### Recorded data
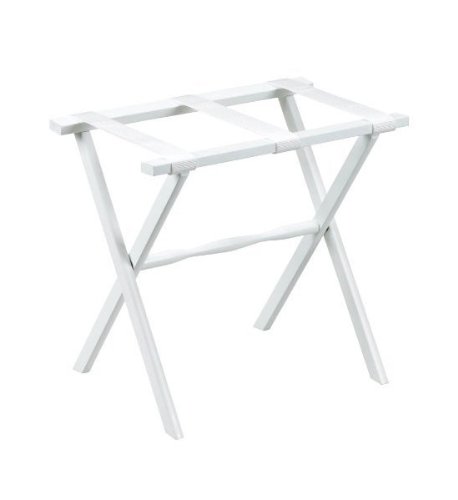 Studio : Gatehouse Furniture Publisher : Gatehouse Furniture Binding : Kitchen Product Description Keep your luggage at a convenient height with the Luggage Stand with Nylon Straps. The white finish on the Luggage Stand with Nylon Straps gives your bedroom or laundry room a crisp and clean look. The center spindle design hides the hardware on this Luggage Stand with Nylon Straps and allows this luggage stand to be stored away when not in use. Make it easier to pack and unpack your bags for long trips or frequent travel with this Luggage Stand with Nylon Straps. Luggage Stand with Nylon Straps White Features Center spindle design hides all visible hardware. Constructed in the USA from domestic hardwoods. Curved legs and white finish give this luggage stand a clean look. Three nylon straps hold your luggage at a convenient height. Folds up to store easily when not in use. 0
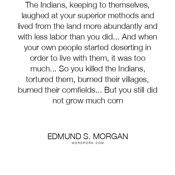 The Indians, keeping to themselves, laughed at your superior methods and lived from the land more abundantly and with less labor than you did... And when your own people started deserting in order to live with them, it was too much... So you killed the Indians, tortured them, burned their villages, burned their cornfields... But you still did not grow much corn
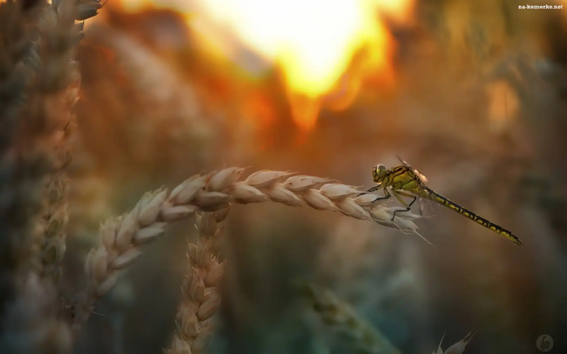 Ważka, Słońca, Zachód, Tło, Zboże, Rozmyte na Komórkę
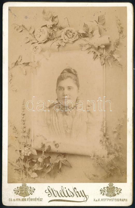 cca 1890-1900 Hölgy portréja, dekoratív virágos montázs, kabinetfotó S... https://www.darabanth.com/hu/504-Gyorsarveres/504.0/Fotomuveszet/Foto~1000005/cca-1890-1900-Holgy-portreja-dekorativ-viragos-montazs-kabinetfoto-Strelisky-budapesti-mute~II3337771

### Directions
Every line above should be reproduced exactly, please, with no pictures included.

### Answer to this task
 Studio : Gatehouse Furniture Publisher : Gatehouse Furniture Binding : Kitchen Product Description Keep your luggage at a convenient height with the Luggage Stand with Nylon Straps. The white finish on the Luggage Stand with Nylon Straps gives your bedroom or laundry room a crisp and clean look. The center spindle design hides the hardware on this Luggage Stand with Nylon Straps and allows this luggage stand to be stored away when not in use. Make it easier to pack and unpack your bags for long trips or frequent travel with this Luggage Stand with Nylon Straps. Luggage Stand with Nylon Straps White Features Center spindle design hides all visible hardware. Constructed in the USA from domestic hardwoods. Curved legs and white finish give this luggage stand a clean look. Three nylon straps hold your luggage at a convenient height. Folds up to store easily when not in use. 0
 The Indians, keeping to themselves, laughed at your superior methods and lived from the land more abundantly and with less labor than you did... And when your own people started deserting in order to live with them, it was too much... So you killed the Indians, tortured them, burned their villages, burned their cornfields... But you still did not grow much corn
 Ważka, Słońca, Zachód, Tło, Zboże, Rozmyte na Komórkę
 cca 1890-1900 Hölgy portréja, dekoratív virágos montázs, kabinetfotó S... https://www.darabanth.com/hu/504-Gyorsarveres/504.0/Fotomuveszet/Foto~1000005/cca-1890-1900-Holgy-portreja-dekorativ-viragos-montazs-kabinetfoto-Strelisky-budapesti-mute~II3337771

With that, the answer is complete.